Thanks Intros.. yep.. that has gotta be it


----------



## Chuppy (Aug 5, 2007)

Heres an update! lol

This time is into the marine tank...









Some of my brown Zoas..... yes they look sort of dull BUT in the night... WOW









See what i mean?









Here's another shot....

More will come
Comments and replies are greatly appreciated


----------



## Chuppy (Aug 5, 2007)

anyone?


----------



## idonteatfish (Aug 31, 2007)

awesome tanks chuppy! keep those pics coming, continue your camera practicing, hehe


----------



## FacePlanted (Aug 13, 2007)

WOW! That pic of the Zoa(?) glowing in the dark is amazing! Even the daytime shots make that one really cool looking specemin! Things like those are what intrigues me about reef keeping. I love the color and detail of all the little creatures. My next project in the far future will be a very small pico reef. Inspired by pictures like these.

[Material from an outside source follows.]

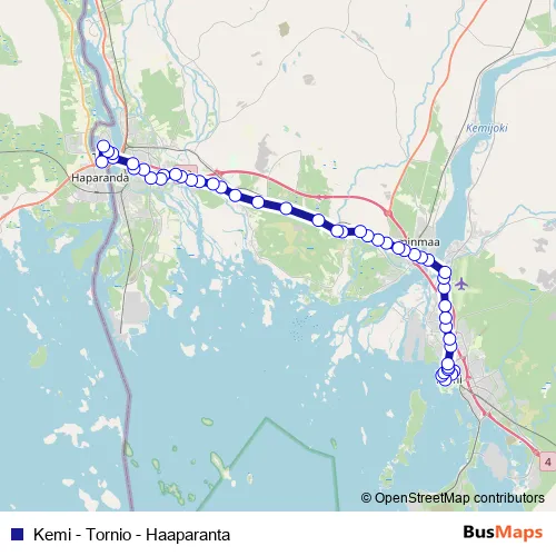 Bus Kemi - Tornio - Haaparanta in Haparanda: Stops & Timetable

I also really like the look of the Erio--It reminds me of an underwater Yucca plant.

-Mike B-


----------



## Chuppy (Aug 5, 2007)

idonteatfish said:


> awesome tanks chuppy! keep those pics coming, continue your camera practicing, hehe


Will do.. that's why this thread exist LOL 

Hopefully i will turn out better

Drew


----------



## Chuppy (Aug 5, 2007)

FacePlanted said:


> WOW! That pic of the Zoa(?) glowing in the dark is amazing! Even the daytime shots make that one really cool looking specemin! Things like those are what intrigues me about reef keeping. I love the color and detail of all the little creatures. My next project in the far future will be a very small pico reef. Inspired by pictures like these.
> 
> I also really like the look of the Erio--It reminds me of an underwater Yucca plant.
> 
> -Mike B-


Glad you liked it :-D

Yeap thats the wonders of reef keeping the colours and the details... In fact, that is what that made me start a nano reef lol....... but you can't really scape a marine tank and predict where the corals will grow.... Scaping a planted tank is way more artistic IMHO


----------



## Chuppy (Aug 5, 2007)

Update

Riccia field slowly coming off~~

















there goes!









CrS hiding









and un-identified plant(help with an id..)









some crypt.









3 inverts in a shot!

that's all for now


----------



## Chuppy (Aug 5, 2007)

This old thread needs an UPDATE!


----------



## exterminator (Mar 26, 2005)

Looks like you totally reshaped your tank. I like the new look. Would be nice to see a full tank shot.


----------



## Jessie (Apr 23, 2007)

It's looking awesome Chuppy! The growth is fantastic, the colors are awesome. NICE!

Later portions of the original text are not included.